» WORKING DATA:
::::

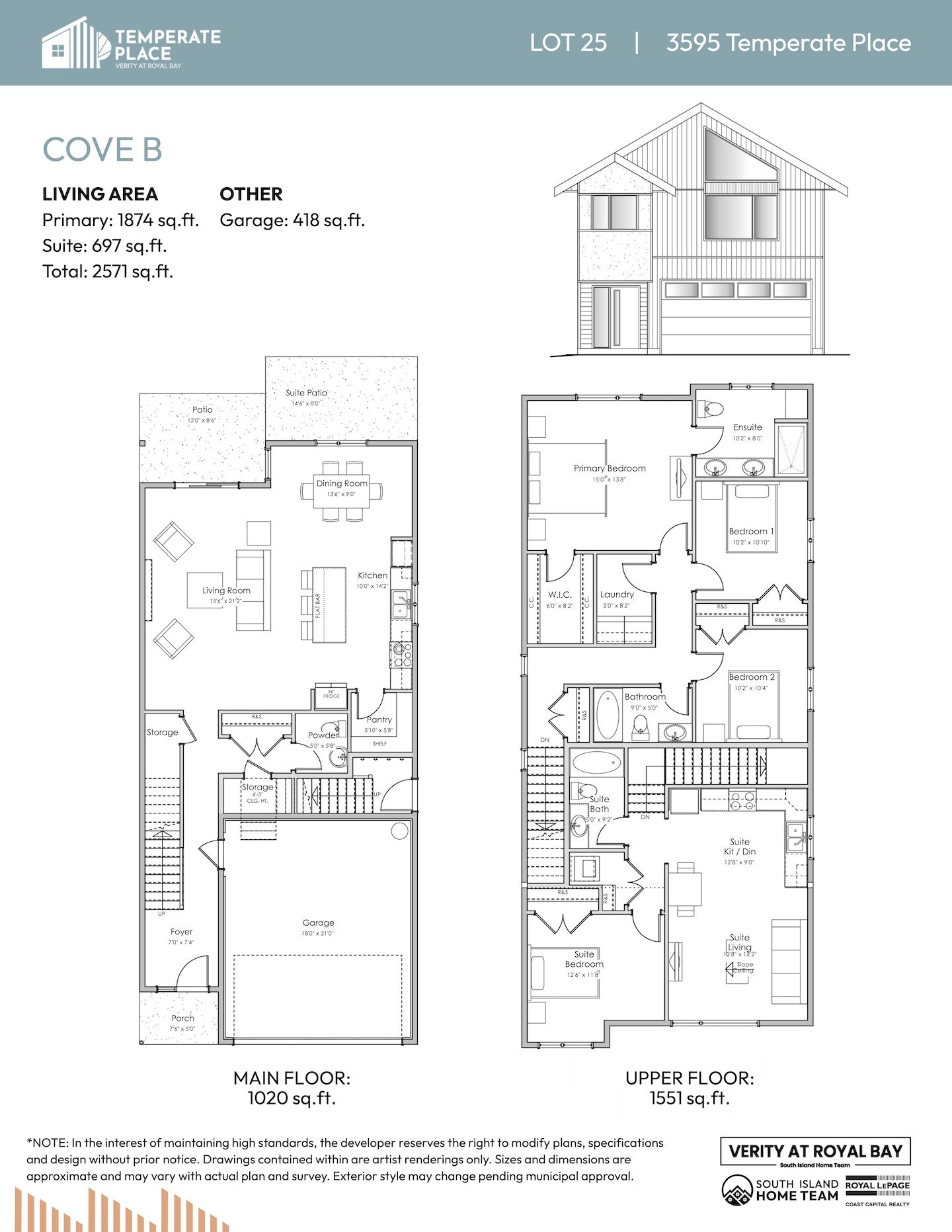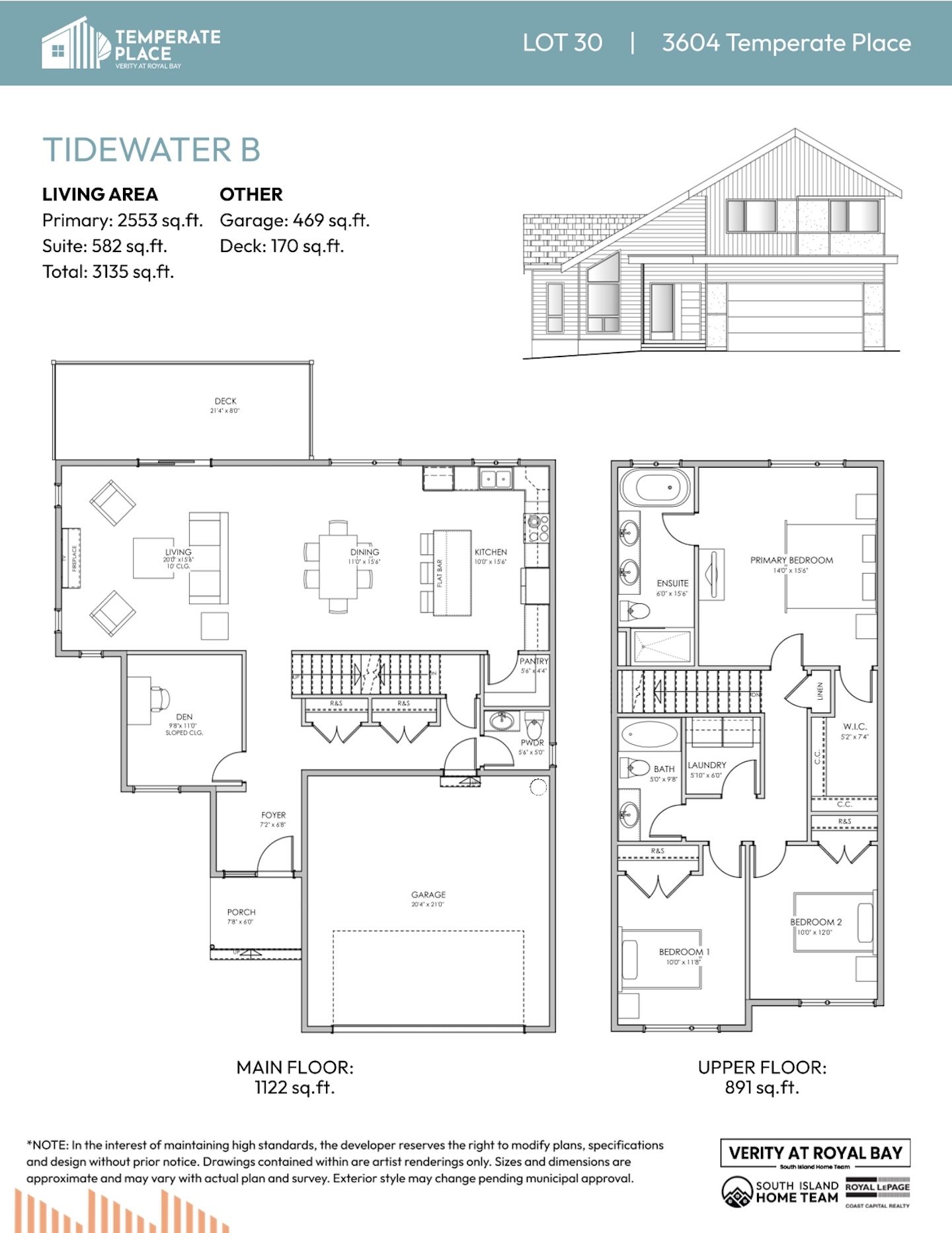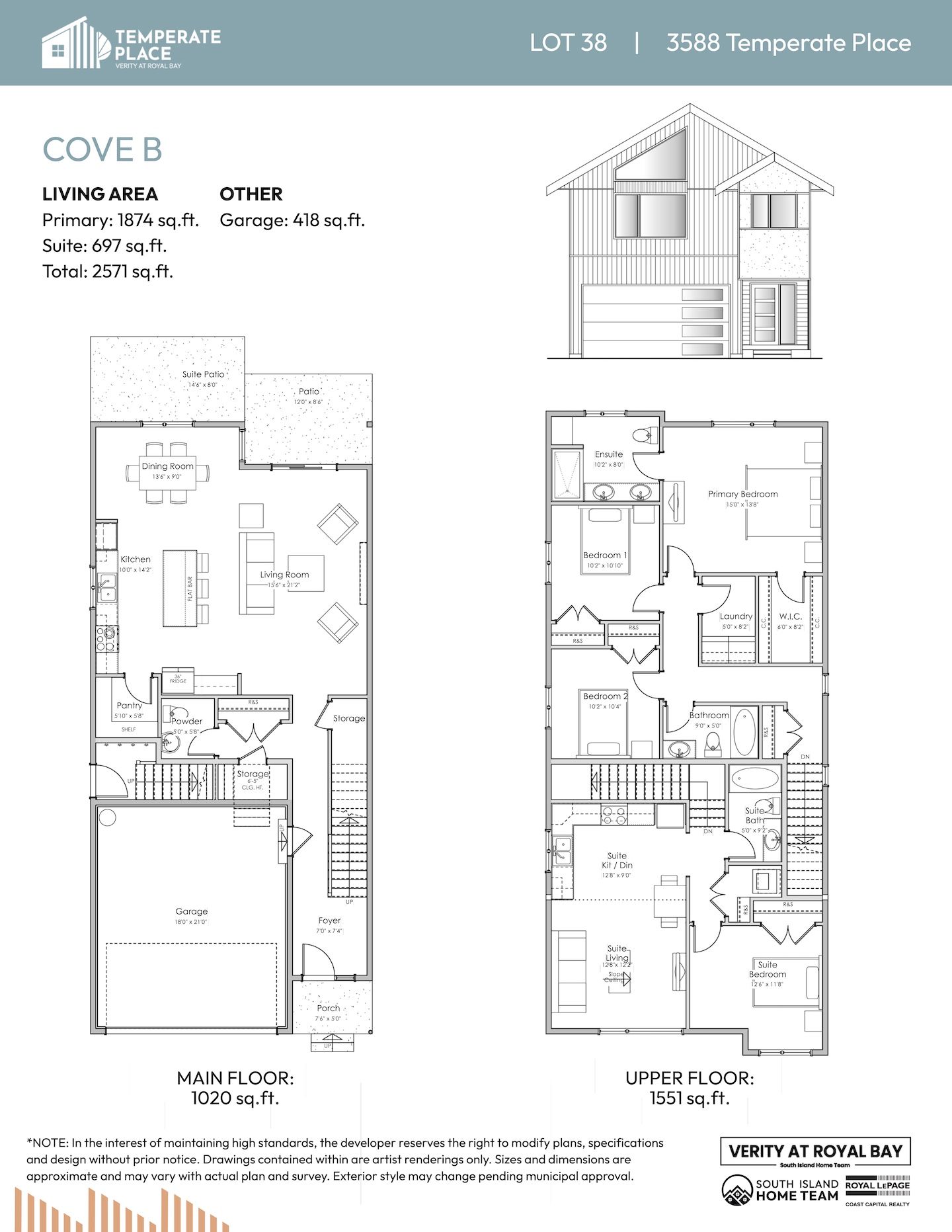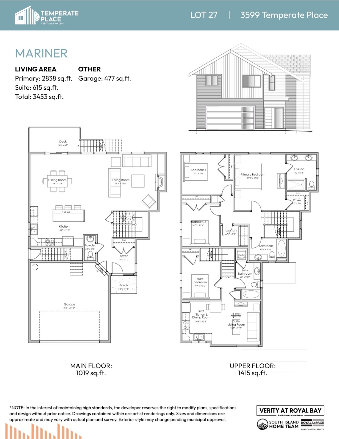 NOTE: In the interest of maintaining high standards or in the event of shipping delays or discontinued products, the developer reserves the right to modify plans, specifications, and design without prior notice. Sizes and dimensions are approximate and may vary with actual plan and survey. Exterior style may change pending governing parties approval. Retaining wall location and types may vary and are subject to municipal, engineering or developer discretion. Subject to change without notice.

::::

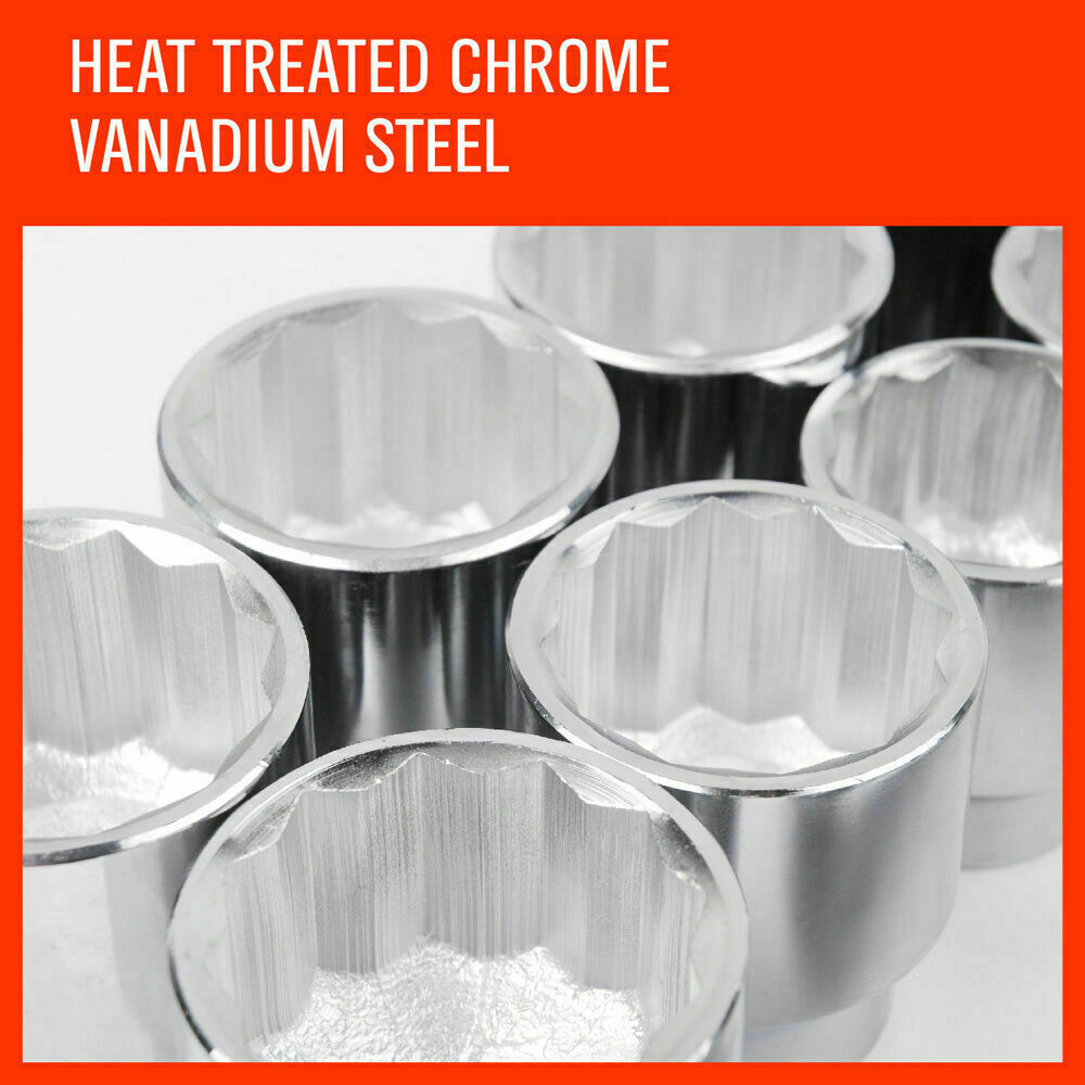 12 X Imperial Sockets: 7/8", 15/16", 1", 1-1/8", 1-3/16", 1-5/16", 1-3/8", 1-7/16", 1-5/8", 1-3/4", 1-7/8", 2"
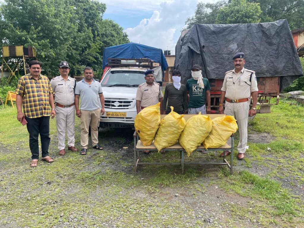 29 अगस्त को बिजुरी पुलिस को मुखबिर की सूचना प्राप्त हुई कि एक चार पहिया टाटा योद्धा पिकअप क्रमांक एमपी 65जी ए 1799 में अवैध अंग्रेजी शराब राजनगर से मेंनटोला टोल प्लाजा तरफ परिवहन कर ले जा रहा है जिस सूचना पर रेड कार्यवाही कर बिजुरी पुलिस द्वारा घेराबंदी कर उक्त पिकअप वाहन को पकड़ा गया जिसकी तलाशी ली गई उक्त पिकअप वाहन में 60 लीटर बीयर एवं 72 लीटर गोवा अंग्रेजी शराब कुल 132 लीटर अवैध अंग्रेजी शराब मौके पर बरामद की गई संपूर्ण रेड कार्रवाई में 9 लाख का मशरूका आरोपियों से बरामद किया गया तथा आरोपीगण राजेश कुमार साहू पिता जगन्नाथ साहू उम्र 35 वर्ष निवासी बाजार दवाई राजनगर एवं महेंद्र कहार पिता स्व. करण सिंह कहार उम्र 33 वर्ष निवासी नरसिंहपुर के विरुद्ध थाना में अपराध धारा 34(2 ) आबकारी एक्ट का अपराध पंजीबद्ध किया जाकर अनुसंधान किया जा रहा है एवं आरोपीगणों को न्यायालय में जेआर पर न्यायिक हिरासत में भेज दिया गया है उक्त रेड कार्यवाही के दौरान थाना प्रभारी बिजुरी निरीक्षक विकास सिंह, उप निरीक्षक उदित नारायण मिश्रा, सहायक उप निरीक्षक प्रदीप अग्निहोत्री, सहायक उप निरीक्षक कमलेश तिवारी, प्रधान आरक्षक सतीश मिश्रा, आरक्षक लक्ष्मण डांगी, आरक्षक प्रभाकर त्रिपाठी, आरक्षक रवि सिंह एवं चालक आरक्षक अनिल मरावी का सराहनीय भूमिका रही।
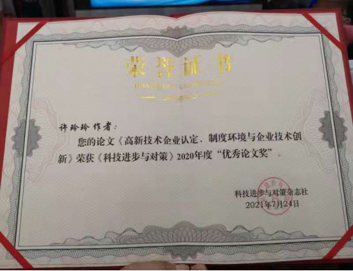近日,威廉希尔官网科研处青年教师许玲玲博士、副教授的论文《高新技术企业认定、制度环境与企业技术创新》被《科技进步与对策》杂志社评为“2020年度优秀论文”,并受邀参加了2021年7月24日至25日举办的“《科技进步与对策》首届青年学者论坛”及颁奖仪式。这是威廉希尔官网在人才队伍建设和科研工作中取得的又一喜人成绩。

::::

What do the entries above read from the line containing "12 X Imperial" through the line containing "近日,威廉希尔官网科研处青年"? Output those lines exactly, both ends included, with the pictures left out.

 12 X Imperial Sockets: 7/8", 15/16", 1", 1-1/8", 1-3/16", 1-5/16", 1-3/8", 1-7/16", 1-5/8", 1-3/4", 1-7/8", 2"
 29 अगस्त को बिजुरी पुलिस को मुखबिर की सूचना प्राप्त हुई कि एक चार पहिया टाटा योद्धा पिकअप क्रमांक एमपी 65जी ए 1799 में अवैध अंग्रेजी शराब राजनगर से मेंनटोला टोल प्लाजा तरफ परिवहन कर ले जा रहा है जिस सूचना पर रेड कार्यवाही कर बिजुरी पुलिस द्वारा घेराबंदी कर उक्त पिकअप वाहन को पकड़ा गया जिसकी तलाशी ली गई उक्त पिकअप वाहन में 60 लीटर बीयर एवं 72 लीटर गोवा अंग्रेजी शराब कुल 132 लीटर अवैध अंग्रेजी शराब मौके पर बरामद की गई संपूर्ण रेड कार्रवाई में 9 लाख का मशरूका आरोपियों से बरामद किया गया तथा आरोपीगण राजेश कुमार साहू पिता जगन्नाथ साहू उम्र 35 वर्ष निवासी बाजार दवाई राजनगर एवं महेंद्र कहार पिता स्व. करण सिंह कहार उम्र 33 वर्ष निवासी नरसिंहपुर के विरुद्ध थाना में अपराध धारा 34(2 ) आबकारी एक्ट का अपराध पंजीबद्ध किया जाकर अनुसंधान किया जा रहा है एवं आरोपीगणों को न्यायालय में जेआर पर न्यायिक हिरासत में भेज दिया गया है उक्त रेड कार्यवाही के दौरान थाना प्रभारी बिजुरी निरीक्षक विकास सिंह, उप निरीक्षक उदित नारायण मिश्रा, सहायक उप निरीक्षक प्रदीप अग्निहोत्री, सहायक उप निरीक्षक कमलेश तिवारी, प्रधान आरक्षक सतीश मिश्रा, आरक्षक लक्ष्मण डांगी, आरक्षक प्रभाकर त्रिपाठी, आरक्षक रवि सिंह एवं चालक आरक्षक अनिल मरावी का सराहनीय भूमिका रही।
近日,威廉希尔官网科研处青年教师许玲玲博士、副教授的论文《高新技术企业认定、制度环境与企业技术创新》被《科技进步与对策》杂志社评为“2020年度优秀论文”,并受邀参加了2021年7月24日至25日举办的“《科技进步与对策》首届青年学者论坛”及颁奖仪式。这是威廉希尔官网在人才队伍建设和科研工作中取得的又一喜人成绩。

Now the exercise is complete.